0

My last question was considered a duplicate, but I haven't found a question remotely similar to what I am asking, so I will rephrase:

I have a csv file, four columns, and about 26,000 rows.

The data is as follows for every row:

Firstname,, Lastname,, ID,, Address 

In the last column, the address column, the addresses are formatted as follows:

1234 Streetname Dr.
Timbuktu, AK 32456
United States

My goal is only to remove the country name, from every row that contains it (not all rows do), preserving the rest of the address, and write this back to the file. I want all the other data to remain as it was. Basically: any instance of...say... the substring "United States" and replace it with a blank space.

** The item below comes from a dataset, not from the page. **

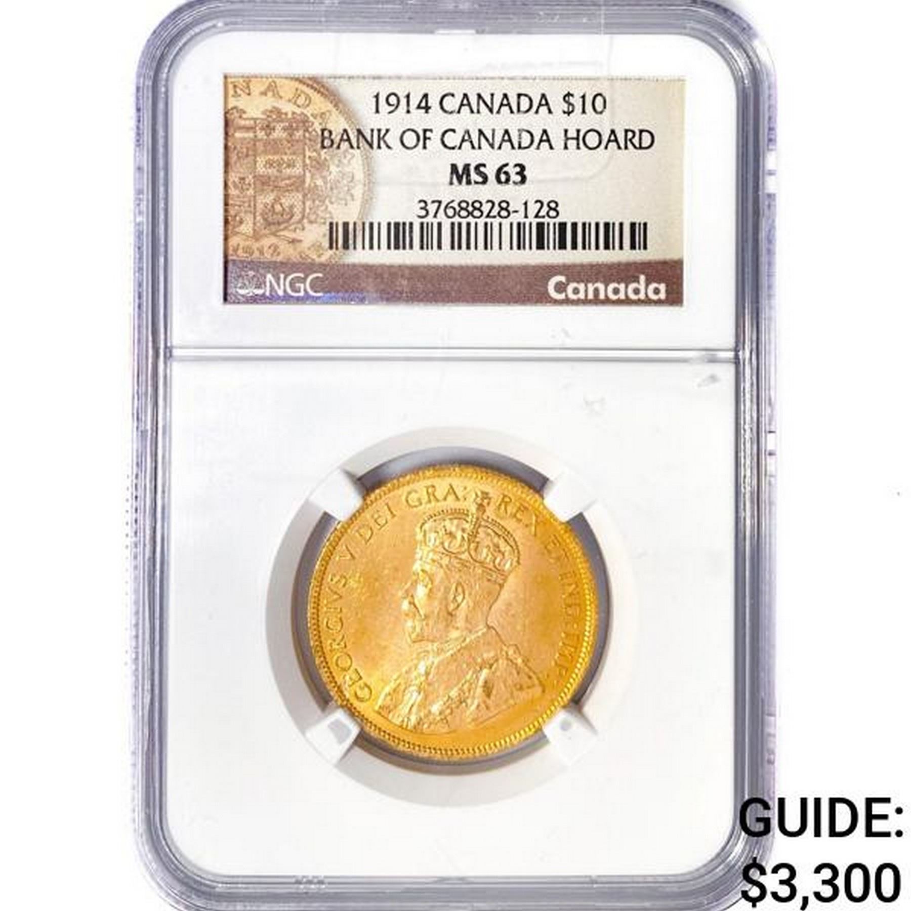 1914 Canadian $10 Gold (16.72g) NGC MS63

The code I presently have is as follows:

import csv


with open('file.csv', 'rt') as rf:
    reader = csv.reader(rf, delimiter=',')
    for row in reader:
#print(row[3] + "\n")    # this works
        usa = "United States"
        row1 = row[0]
        row2 = row[1]
        row3 = row[2]

        if usa in row[3]:
            newrow = row[3].replace(usa, " ")
            #print(newrow + "\n")
with open('file.csv', 'w') as wf:
    writer = csv.writer(wf)    
    writer.writerows(row1 + row2 + row3 + newrow)

It is presently deleting the CSV file nearly clean. Some strange single chars are left over in a few rows, only in the first column.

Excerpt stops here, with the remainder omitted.